According to court documents accessed by Page Six on Wednesday, a judge in California approved the motion to dismiss the federal paternity case, which had been filed earlier this year by Satterthwaite’s legal guardian and paralegal, Lillie Coley.
This ruling signifies that Satterthwaite, who is 30 years old, is barred from refiling the lawsuit or demanding paternity testing from Jay-Z, whose real name is Shawn Carter, regarding this issue.
Although Page Six reached out for comments from Jay-Z’s representatives, no response was provided.
In his court filings, Satterthwaite claimed that the renowned rapper, known for hits like “99 Problems,” fathered him with his late mother, Wanda Satterthwaite, during the 1990s.
Carter has repeatedly denied he is Rymir’s father.
Rymir previously claimed he was withdrawing his federal paternity case.
“I did withdraw my case,” Rymir said in a July 27 Instagram upload, adding that he was abandoning the lawsuit because there was plenty “going on behind closed doors.”
“I have not stopped my fight,” Rymir continued. “We got to step back and play chess, not checkers.”
At the time, attorneys for Carter, 55, slammed the longtime paternity allegations as “harassment.”
“The fabricated allegations and claims have been addressed—and rejected—in multiple other courts,” the documents read, describing the legal actions as “just the latest” in a “decades long” string of “harassment.”
Rymir denied in documents that he was filing the suit for what amounts to back child support, but claimed instead he was seeking reputational and emotional distress damages.
The aspiring musician alleged in the original documents that the Grammy winning artist “committed fraud upon multiple courts, misrepresented facts, interfered with procedural due process and exploited legal systems in multiple jurisdictions to suppress Plaintiff Rymir’s paternity claim.”
In May 2023, Rymir filed a court order seeking to force Carter — who is dad to kids Blue Ivy, 13, and twins Rumi and Sir, 8, with wife Beyoncé — to take a DNA test.
At the time, Rymir vowed not to back down. “This is not going to be over until justice is served,” he told Daily Mail in 2023.
“I won’t stop fighting for this until I win,” he added. “And I will win because the law is on our side.”
The “Empire State of Mind” rapper’s attorney responded in a letter to the outlet.
“The allegations have been previously reviewed thoroughly by the courts and have been refuted,” they wrote.
“I am sure that will be the outcome of whatever filings Mr.

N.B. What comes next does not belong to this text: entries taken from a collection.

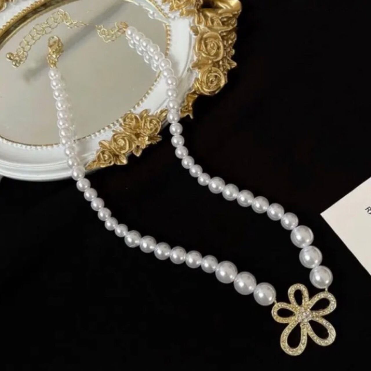 キラキラの大きめなお花に上品なパールを合わせた大人可愛いネックレスです♡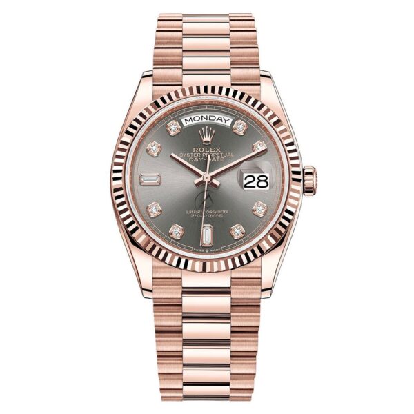 Rolex Day-Date 36 128235, President, 18K Rose Gold, Slate Diamond Dial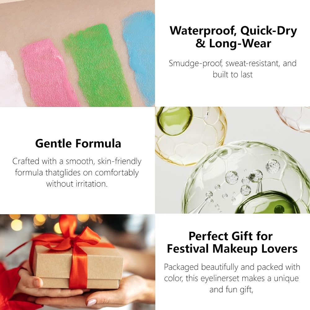 6 Pcs Colorful Matte Liquid Eyeshadow Eyeliner Set, White, Pink, Green, Blue, Purple, Dark Blue, Halloween Stage Clown Children's Makeup, Quick-Drying, Long-Lasting, Waterproof (6Pcs-Matte Colorful 1)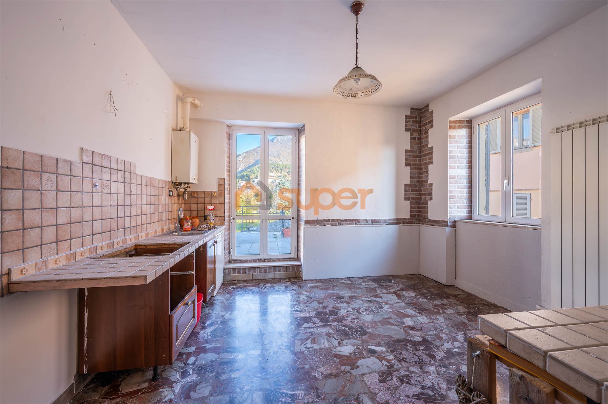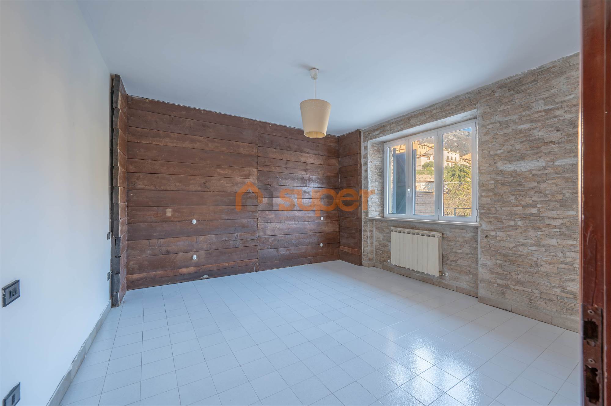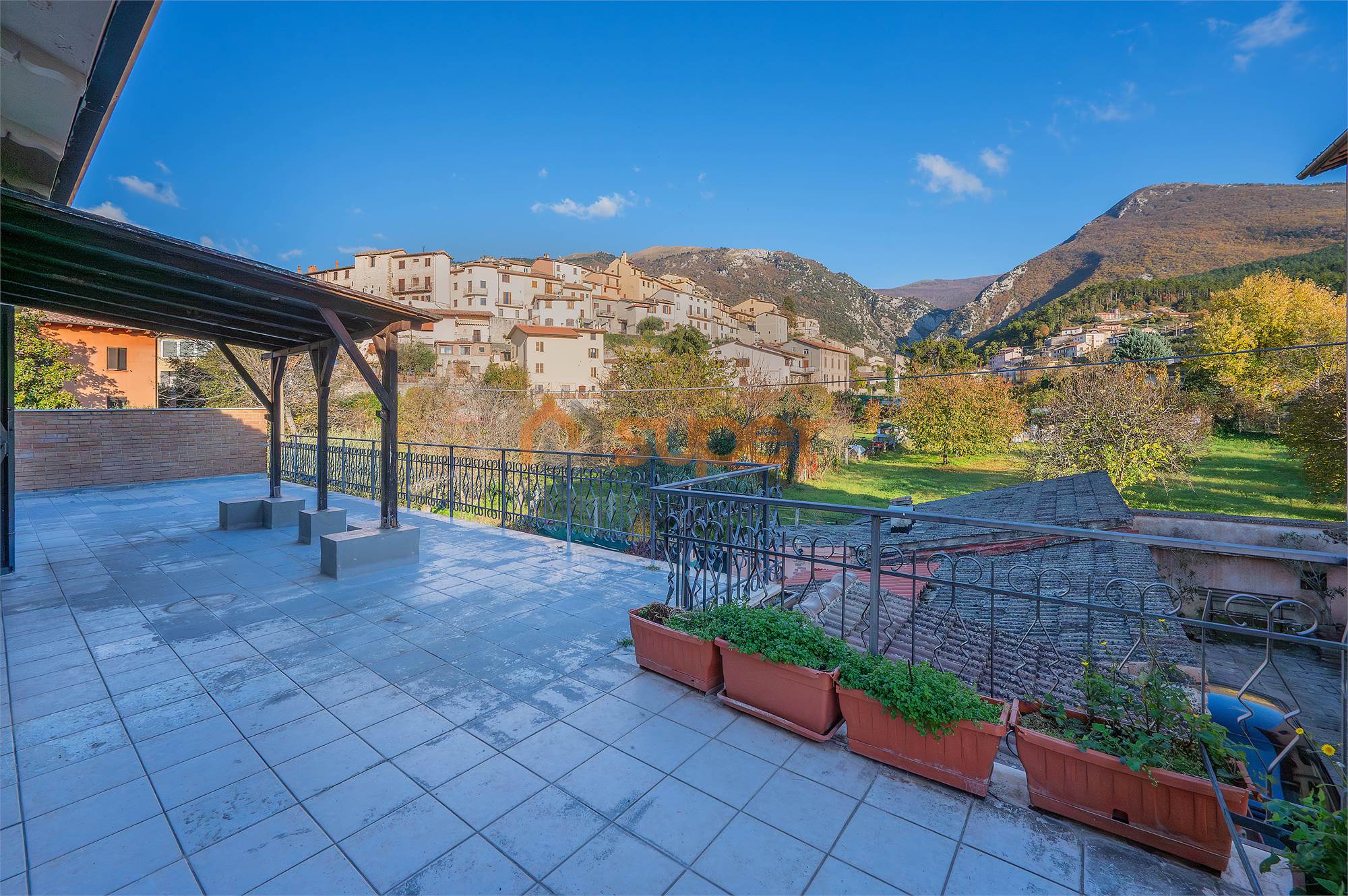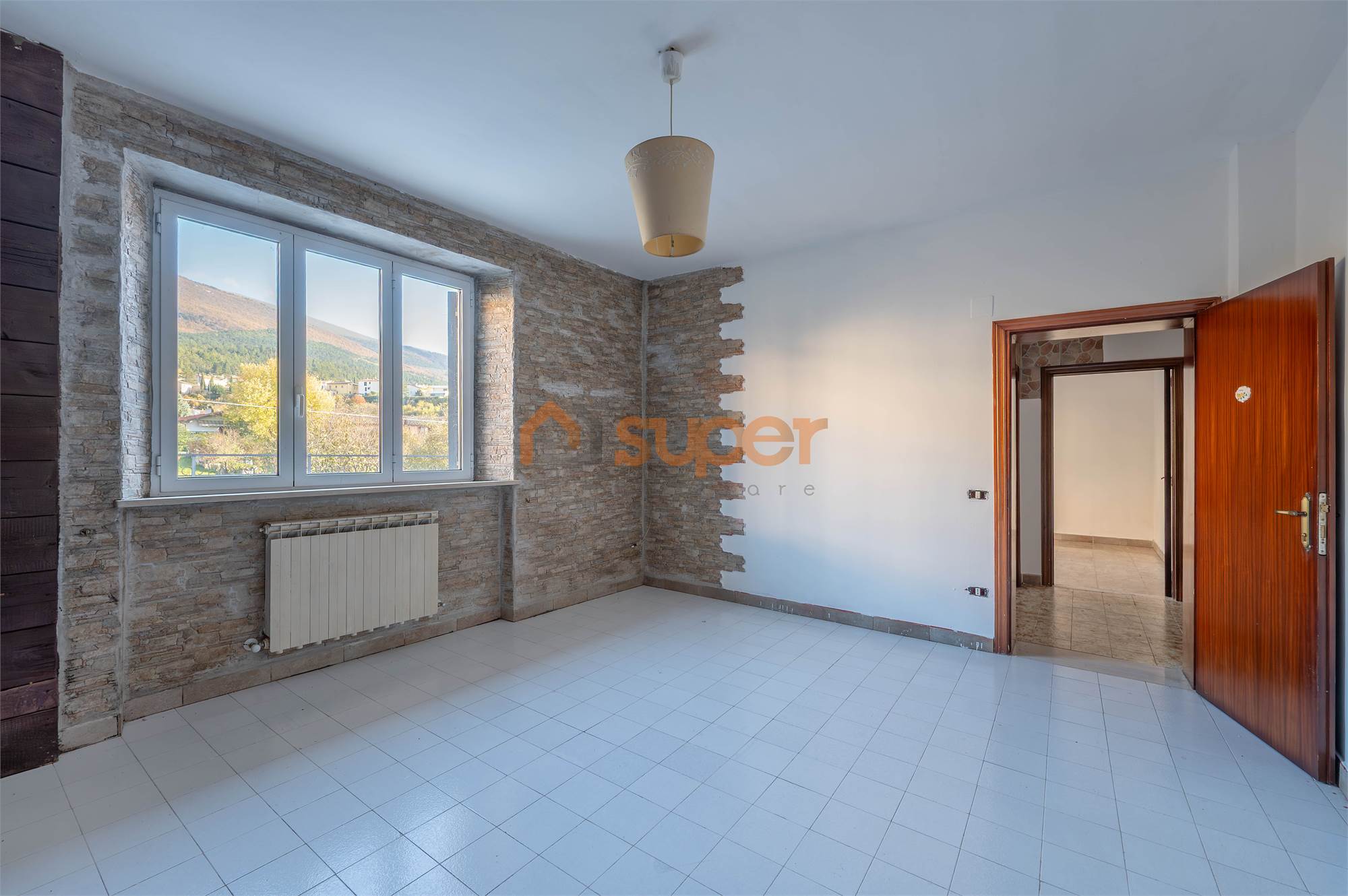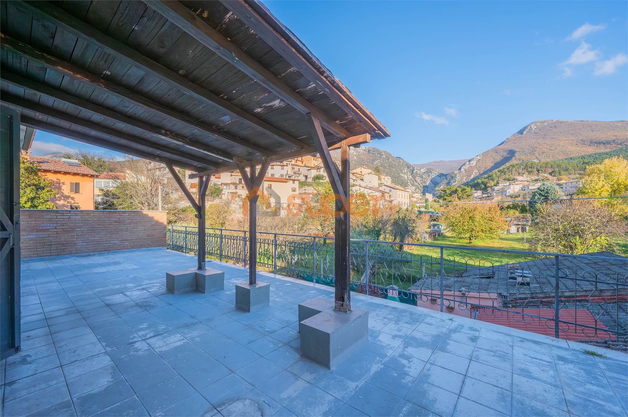 L’abitazione si distingue per gli ampi spazi interni ed è composta da un soggiorno doppio particolarmente luminoso e da una cucina abitabile con accesso diretto al grande terrazzo di circa 60 m², ideale per vivere l’esterno e godere della suggestiva vista sul Monte di Val Sorda. La zona notte comprende tre camere matrimoniali e un bagno.

Satterthwaite may be currently considering.”
Satterthwaite, who is an aspiring rapper himself, has alleged that his mother Wanda told him Carter is his biological father when he was eight years old.

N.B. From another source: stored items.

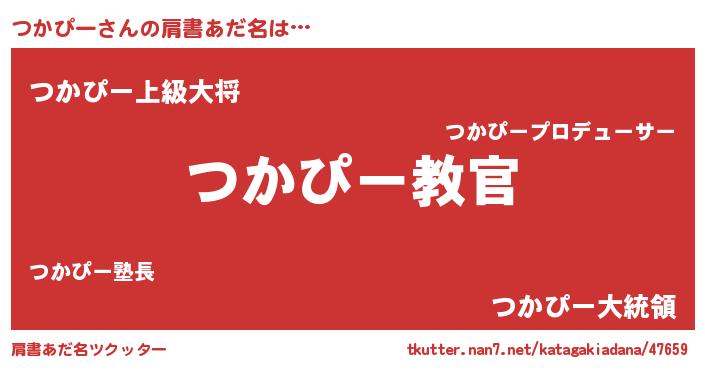 | ヒーロー風カッコイイあだ名 | 『仮面ツカダー』『ウルトラつかぴーマン』 |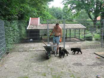 ![]() André is bezig wat gaten te dichten in de ren. De puppen "helpen" hem dapper mee met klussen en zorgen ervoor dat de gaten snel weer open liggen...(op de achtergrond ons kippenhok) |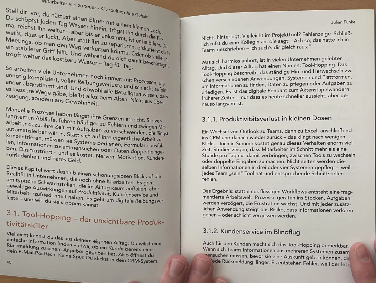 Das Buch räumt mit falschen Vorstellungen über KI und Automatisierung auf und vermittelt dir einen praxisnahen Fahrplan, wie du Kosten massiv senkst und dein Unternehmen zukunftssicher aufstellst. Du lernst, wie du KI nicht als Zukunftsvision, sondern als sofort einsetzbaren Hebel nutzt, der echte Ergebnisse bringt.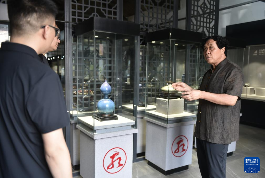 8月3日,河南省禹州市神垕镇一家钧瓷企业的工作人员在展厅里向来访者介绍钧瓷作品。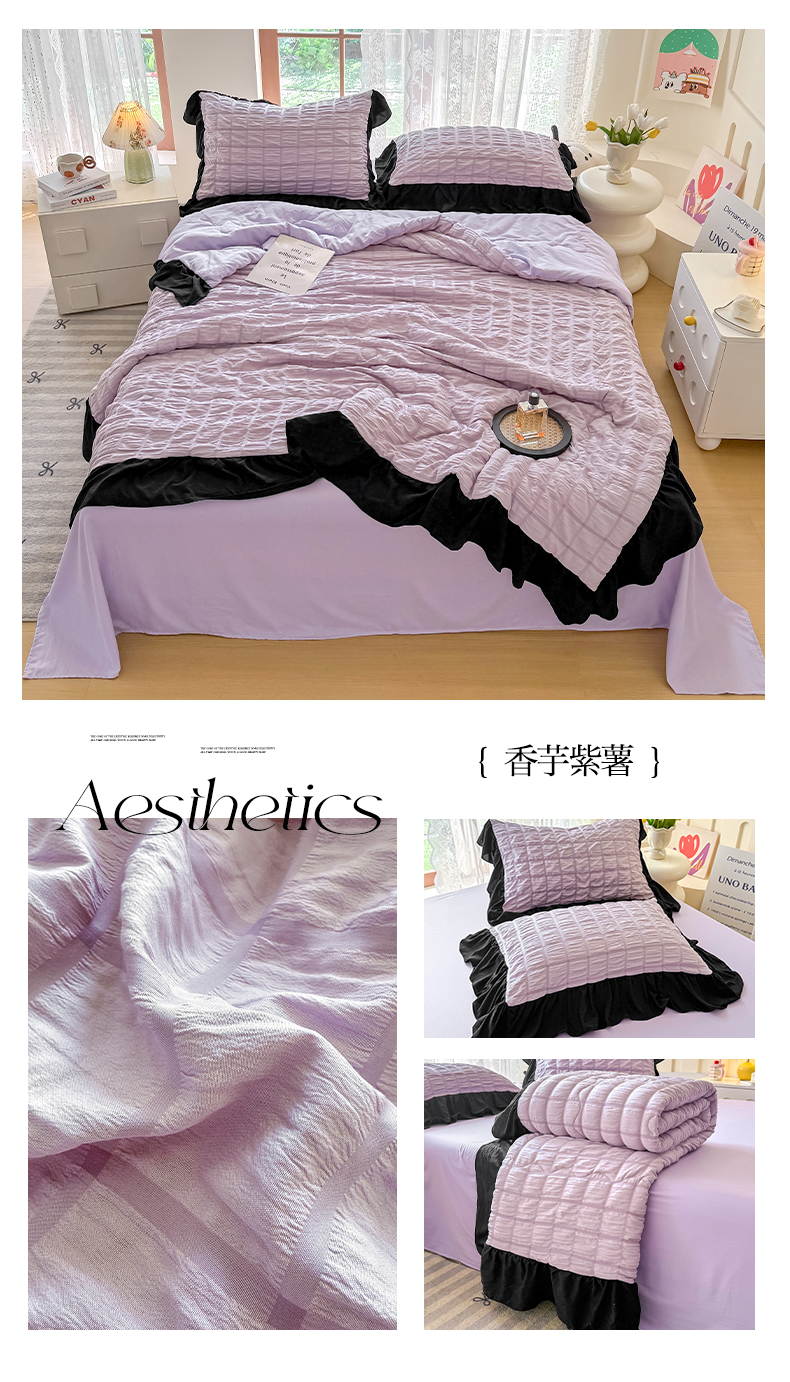 (总)优卡迪家纺馆 2026春夏新款泡泡纱黑花边夏被夏被空调被四件套【下载文件夹包含买家秀】,蓝莓仙草,魔芋橙汁,茉莉奶昔,奶油蜜桃,青柠蜜瓜,香芋紫薯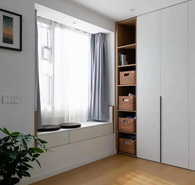 壁式衣柜设计方案在卧室的人口中,设计师在靠近卧室凸窗时特意腾出了一排开放式橱柜,可以作为书柜使用。因为房子的结构独特,卧室的卧室凸窗无法敲掉,所以设计师在卧室凸窗上安装了三个抽屉柜,不仅改善了室内空间,还增加了卧室凸窗的相对高度,坐在上面正好。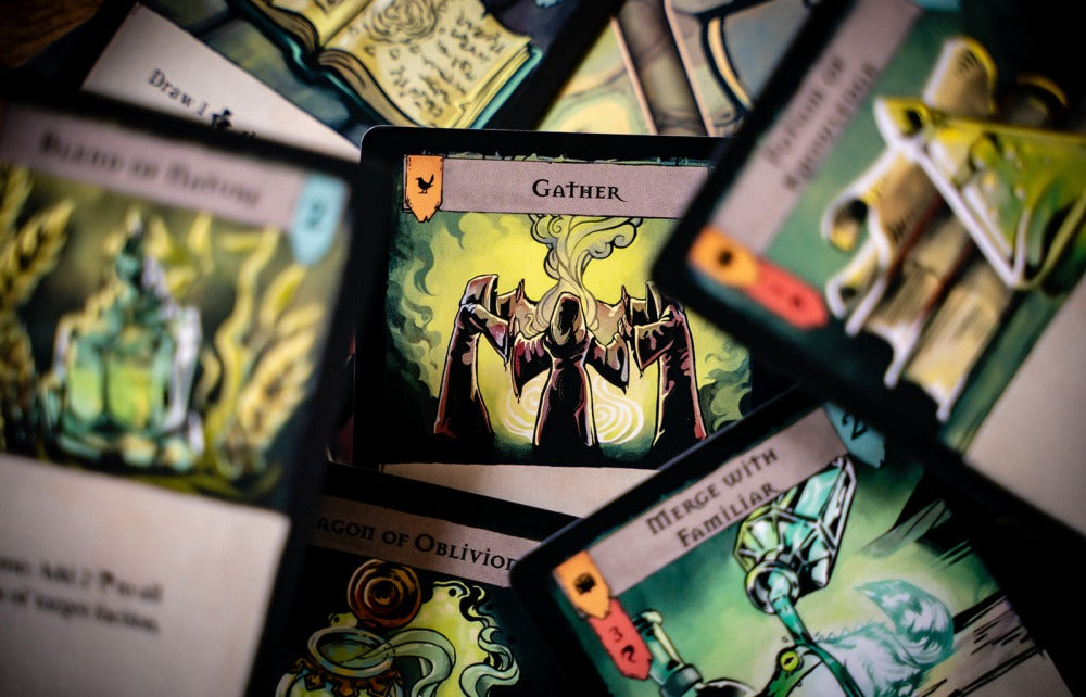 Pagan: Fate of Roanoke is an expandable and asymmetrical card game with one player taking on the role of the Witch and the other the Hunter. The Witch attempts to carry out a ritual before being exposed and eliminated by the Hunter.

Prior to her 2016 death, Wanda filed a civil lawsuit in New Jersey seeking child support from Carter, whom she claimed to have had an on/off relationship with.
The lawsuit was dismissed on the grounds that it was filed in the wrong state, and was not re-filed until Coley and Rymir submitted documents in 2014.
The matter became public the following year, in 2015, when documents emerged claiming Carter lied to a New Jersey court to avoid taking a DNA test.